Context Compression at 90%

Decision: When the conversation history exceeds 90% of MAX_CONTEXT_TOKENS (default 128,000), the context is compressed before the next LLM call.

Why:

  • Prevent API errors: Sending messages beyond the model's context window causes API errors. Compression at 90% leaves a 10% safety margin for the response.
  • Compression strategy: ContextManager.compress_history() trims old messages, preserves system prompts, and keeps recent conversation turns intact. The compressed target is 70% of max tokens.
  • Transparent to the user: Compression happens automatically before each call() and call_stream(). No user action required.

PostgreSQL URL Rewriting

Decision: The database URL (postgresql://) is rewritten to postgresql+asyncpg:// at engine creation time.

Why: SQLAlchemy's async engine requires the asyncpg driver prefix. Users configure a standard postgresql:// URL in .env, and the system transparently adds the +asyncpg suffix.

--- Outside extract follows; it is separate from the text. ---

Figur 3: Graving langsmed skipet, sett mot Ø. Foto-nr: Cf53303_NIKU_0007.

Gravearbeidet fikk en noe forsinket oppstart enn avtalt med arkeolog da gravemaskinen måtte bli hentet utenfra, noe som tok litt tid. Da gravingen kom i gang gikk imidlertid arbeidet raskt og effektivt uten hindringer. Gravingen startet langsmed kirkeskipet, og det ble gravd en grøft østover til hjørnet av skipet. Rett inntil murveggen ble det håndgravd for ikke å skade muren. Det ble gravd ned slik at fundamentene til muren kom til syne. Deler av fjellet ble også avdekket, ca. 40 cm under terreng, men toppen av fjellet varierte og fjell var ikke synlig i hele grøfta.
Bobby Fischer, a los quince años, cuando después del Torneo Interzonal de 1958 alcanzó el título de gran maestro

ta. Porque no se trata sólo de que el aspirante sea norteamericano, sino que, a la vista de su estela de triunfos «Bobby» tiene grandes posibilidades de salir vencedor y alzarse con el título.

This keeps configuration simple and portable.

Implementation: core/database.py:70-72:

async_url = settings.database_url.replace("postgresql://", "postgresql+asyncpg://").replace(
    "postgres://", "postgresql+asyncpg://"
)

Loop-Aware Async Engine

Decision: The async engine is recreated when the running event loop changes (e.g., per-test event loops in pytest-asyncio).

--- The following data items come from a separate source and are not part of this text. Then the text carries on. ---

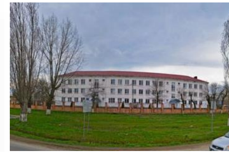
Поставка развивающего оборудования в ГБОУ ШКОЛА-ИНТЕРНАТ № 2 Г. АБИНСКА

-Набор психолога Пертра -Стол учителя -Шкаф многосекционный полуоткрытый -Игровой ландшафтный стол №1 -Стол детский круглый на 6 человек.
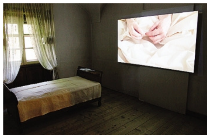
Video e installazioni negli antichi palazzi
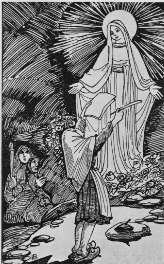
Sv. Bernardka: „Prosim, Gospa, zapiši, kako ti je ime!“

Jezusa pa smo dobili po Mariji. Kakor je bila božja volja, da nam je došel po Mariji, tako je njegova volja, da nam tudi vse njegove milosti dotekajo po njenih

Why: asyncpg connections are bound to the event loop that created them. Reusing an engine across different event loops causes "bound to a different loop" errors. The loop-aware engine in _get_async_engine() detects loop changes and transparently recreates the engine and session factory.

Implementation: core/database.py:55-83 — compares _engine_loop to _current_running_loop() and drops the stale engine on mismatch.